By Lydia Gregovic, Photos by Gus Bennett Jr.
Tank and the Bangas’ hit song Rollercoasters opens with the reflection “I’ve always wondered why people rode roller coasters.” But if the New Orleans-based group’s rapid rise to fame is indicative of anything, it’s that front woman Tarriona “Tank” Ball is in for the ride of her life.
Like the coaster rides she sings about, Ball’s artistic journey has been long, winding and anything but linear. Despite her role as Tank and the Bangas’ lead vocalist, the singer’s roots lie in a different form of performance art altogether.
“Spoken-word poetry has always been a really big part of my life, ever since I was a little girl,” Ball says, recounting the influences that have shaped her musical career. “It was always there for me, for a long time.”
And when she started performing, it was spoken word that called to her most. As a teenager, Ball appeared in HBO’s Brave New Voices, a poetry-slam contest open exclusively to American youths. And as an adult, she continued to express her passion for the art form by competing in the National Poetry Slam competition.
Her background in poetry is apparent in Tank and the Bangas’ music, which has been described as a mix of everything from poetry to rock and even folk. But to Ball, the group’s sound surpasses genre.
“It’s life music,” she insists. “We talk about everything in it…getting your arm broken, riding a bike, learning how to color, how to skate. Anything that anybody experiences is probably in our songs. It goes beyond, you know, race or religion or anything, and it touches something in the corners of your heart.”
For Ball, many of these experiences relate back to New Orleans, where both she and the band itself were born. As Ball explains, creating the group wasn’t so much an intentional goal as it was the product of a chance meeting at an open-mic night at New Orleans restaurant BlackStar Caffe.
“Open mic would be every Monday night. It was pretty amazing,” Ball says. “We just sort of met other people in the group along the way.”

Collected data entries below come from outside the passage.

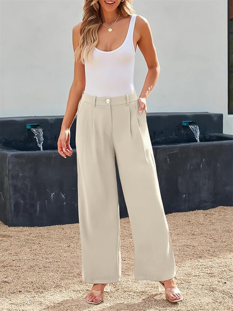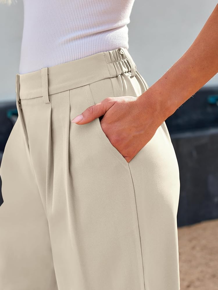 Flattering Wide Leg Design: Featuring a pleated front and side slant pockets, these pants not only enhance your figure but also provide practicality. High waist, Wide legs, Pleated front, Elastic back, Zippered closure, and side pockets.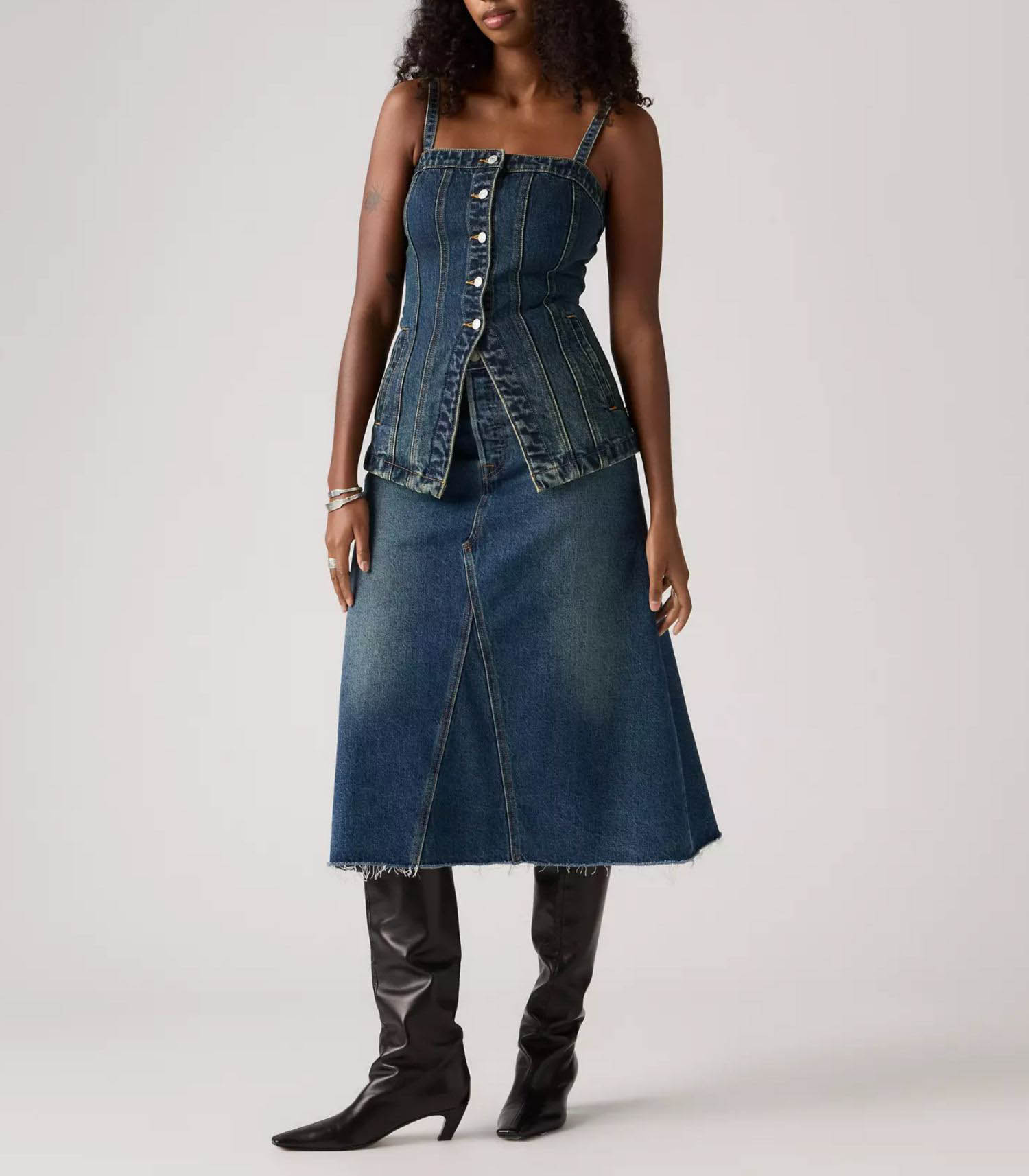 Adoptez une alternative stylée à votre jean quotidien avec la jupe Decon. Confectionnée en denim rigide, elle affiche une coupe en A mi-longue qui flatte la silhouette, soulignée par une taille haute décontractée. Ses finitions déstructurées lui apportent une touche moderne et subtilement rebelle. Une pièce facile à associer, à la fois féminine et pleine de caractère.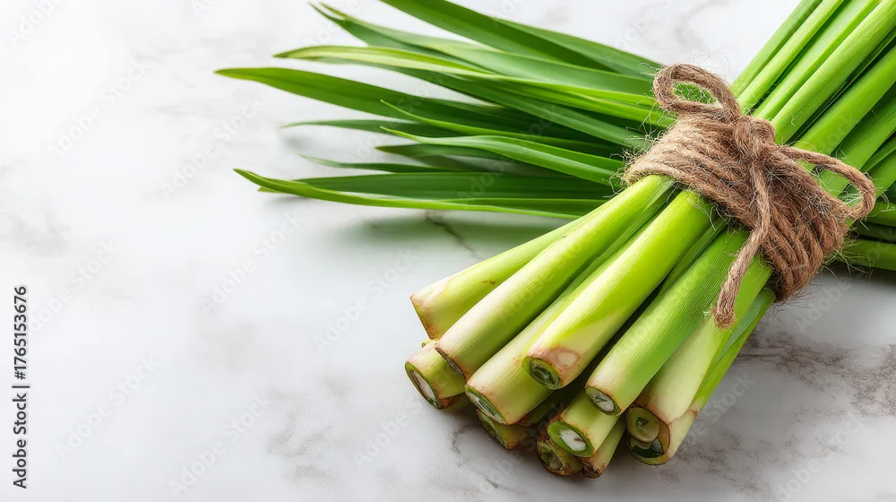 A bunch of green herbs are tied together. The herbs are fresh and green, and they are arranged in a neat bundle. The bundle is placed on a white surface, ...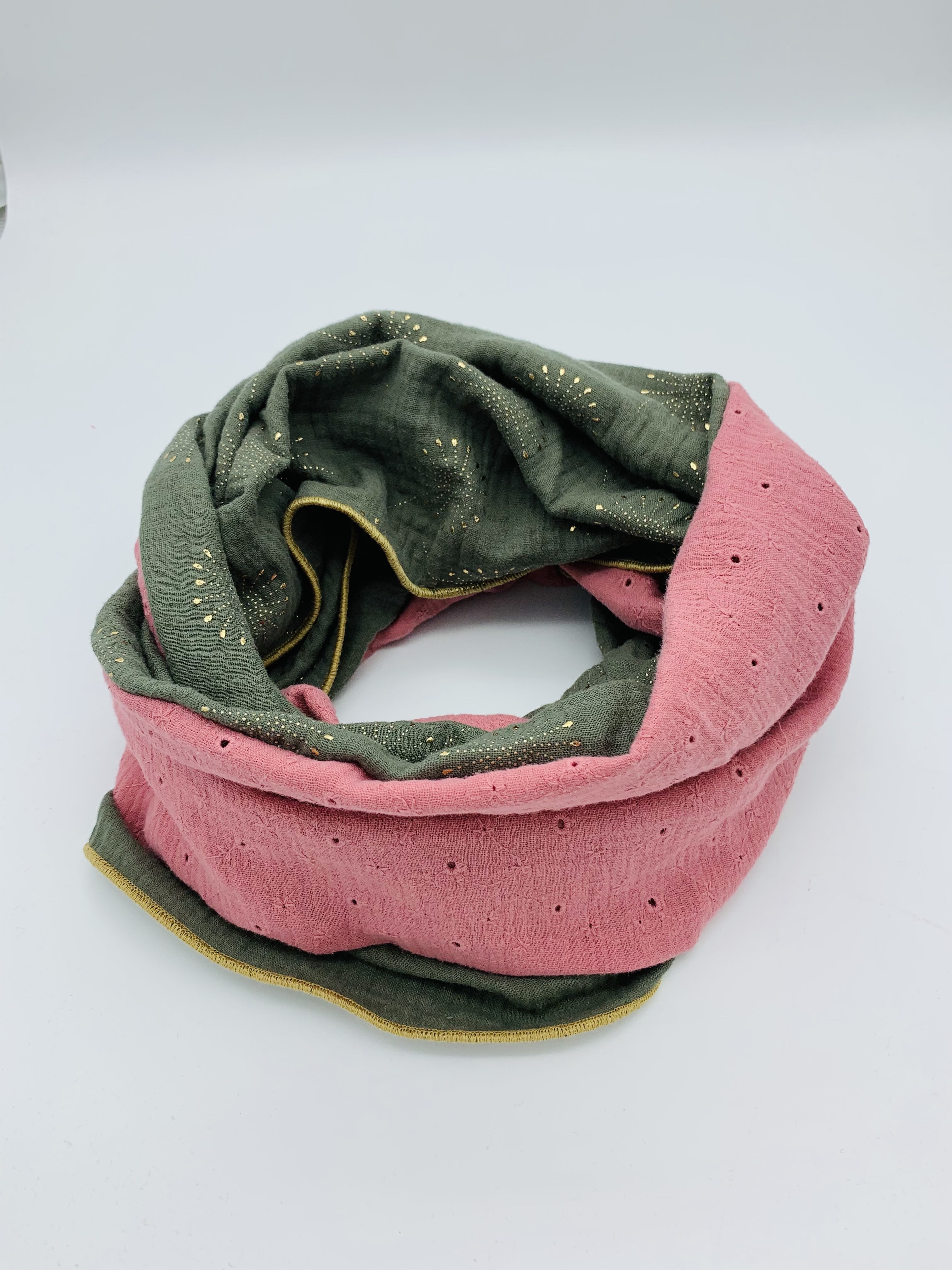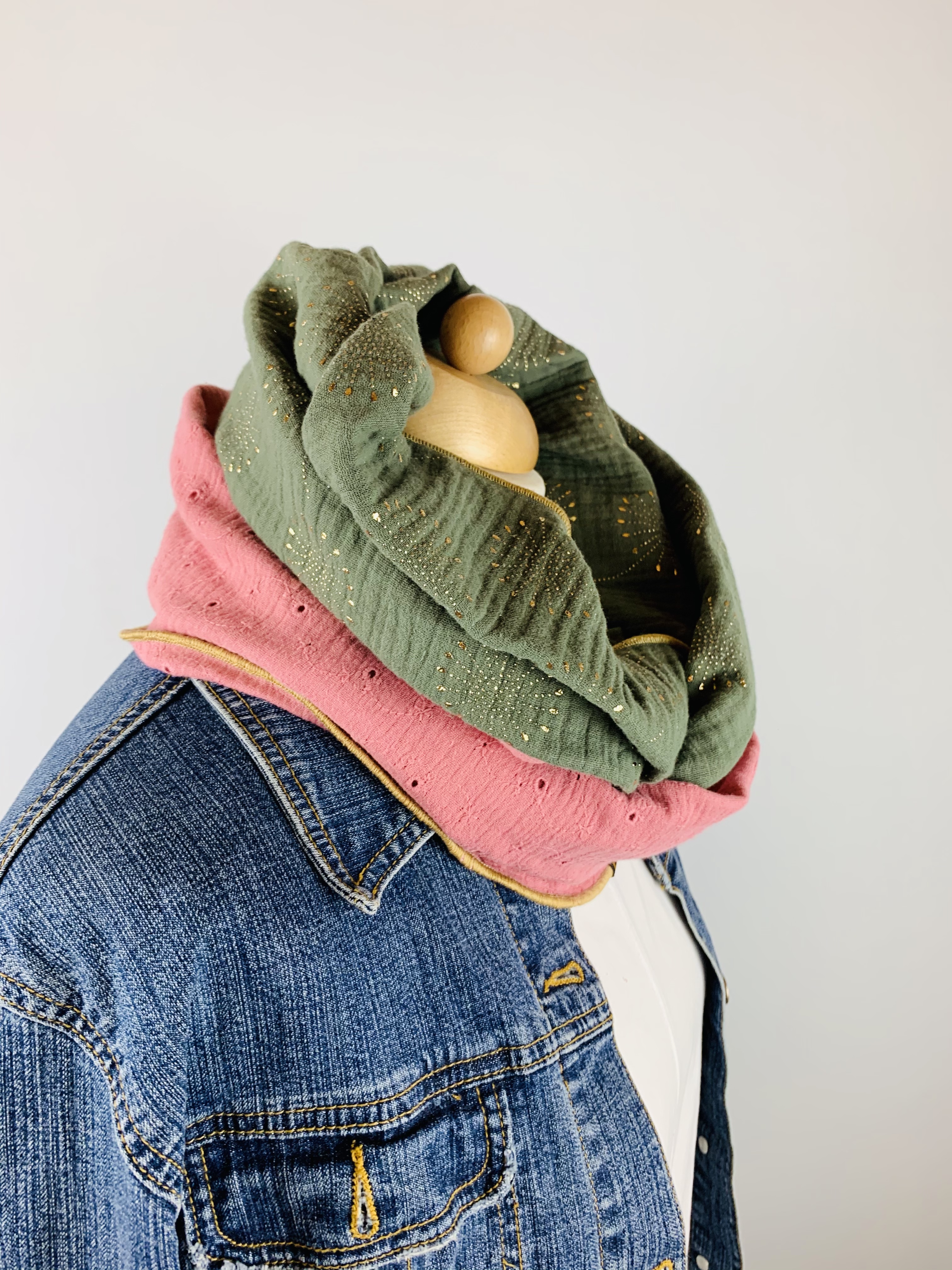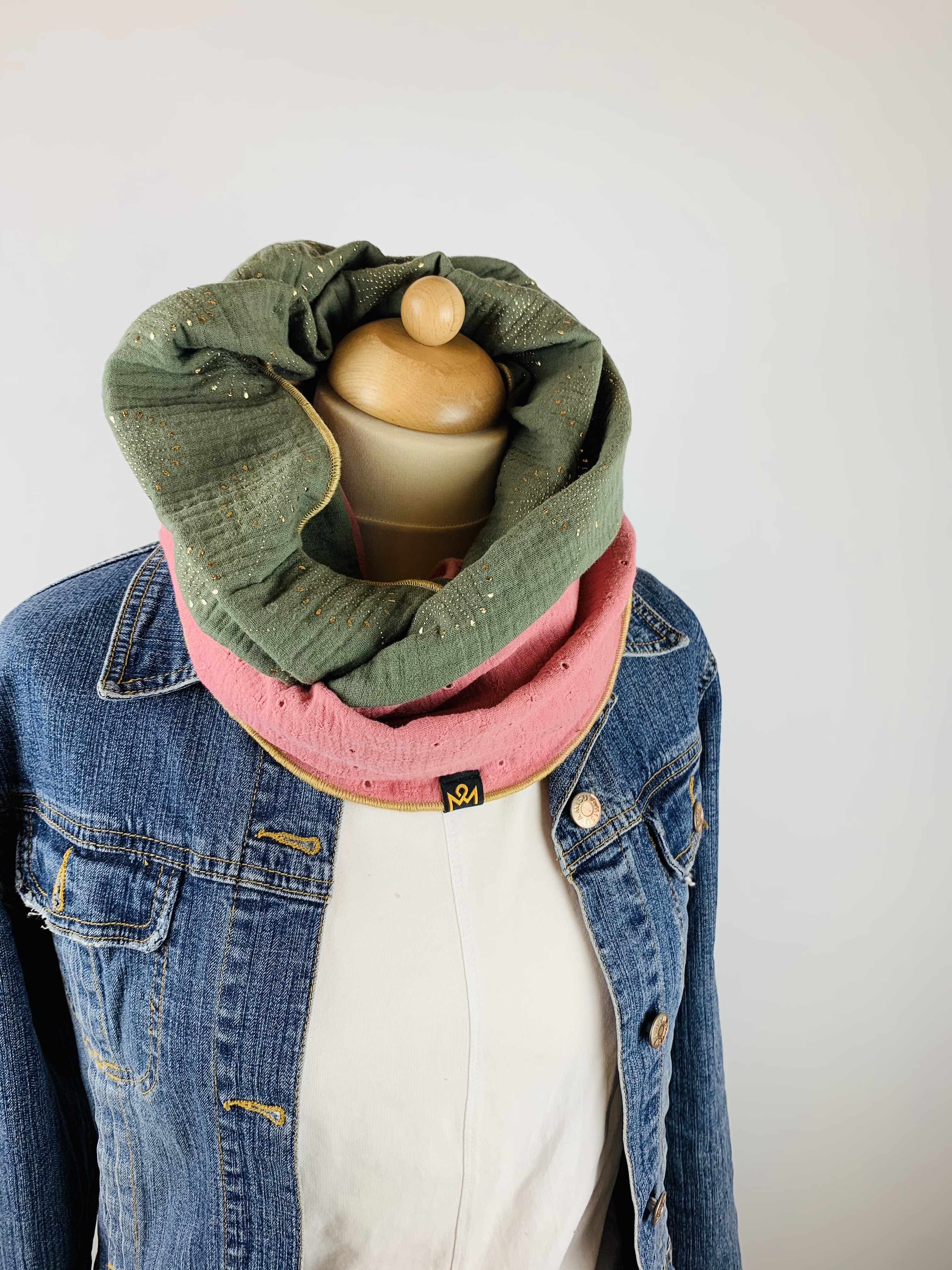 Hochwertiger, doppelt gewebter Schlauchschal aus 100 % Baumwollmusselin in khaki mit goldenen Pusteblumen und altrosaLochstickerei.

After performing together for several years and releasing a debut album, the group was encouraged to enter NPR’s 2017 Tiny Desk Contest by Ball’s close friend, a move that Ball originally resisted.
“She literally had to set it up like it was a gig,” Ball laughs. “She finally pushed us forward and made it happen. We picked the song. We picked the space that we wanted to film it in, which was a New Orleans classroom that I had been in before, with lots of art and big old desks. I was like, yeah, this is the place. It’s been history ever since.”
The group’s subsequent Tiny Desk Concert on NPR has been viewed more than 2 million times on YouTube, and in April, Tank and the Bangas embarked on a nationwide tour with NPR Music. Since then, Ball and her musicians have performed at music festivals throughout the country, and will notably appear at Austin’s own Austin City Limits Music Festival this month.
“NPR put us on a platform so that people could really see us shine,” Ball says of the impact the contest had on the band. “We’ve been like a night-light inside of many people’s rooms, and now it’s like we’re the main light turned on in the house.”
So, what’s next for Tank and the Bangas? Ball confirms the group is working on new music, although it may sound a little different from what fans are used to.
“The music changes and grows, like I change and I grow,” she explains.
But no matter what form the songs take, one thing is clear: Ball’s roller-coaster ride has just begun, and, so far, there doesn’t seem to be a drop in sight.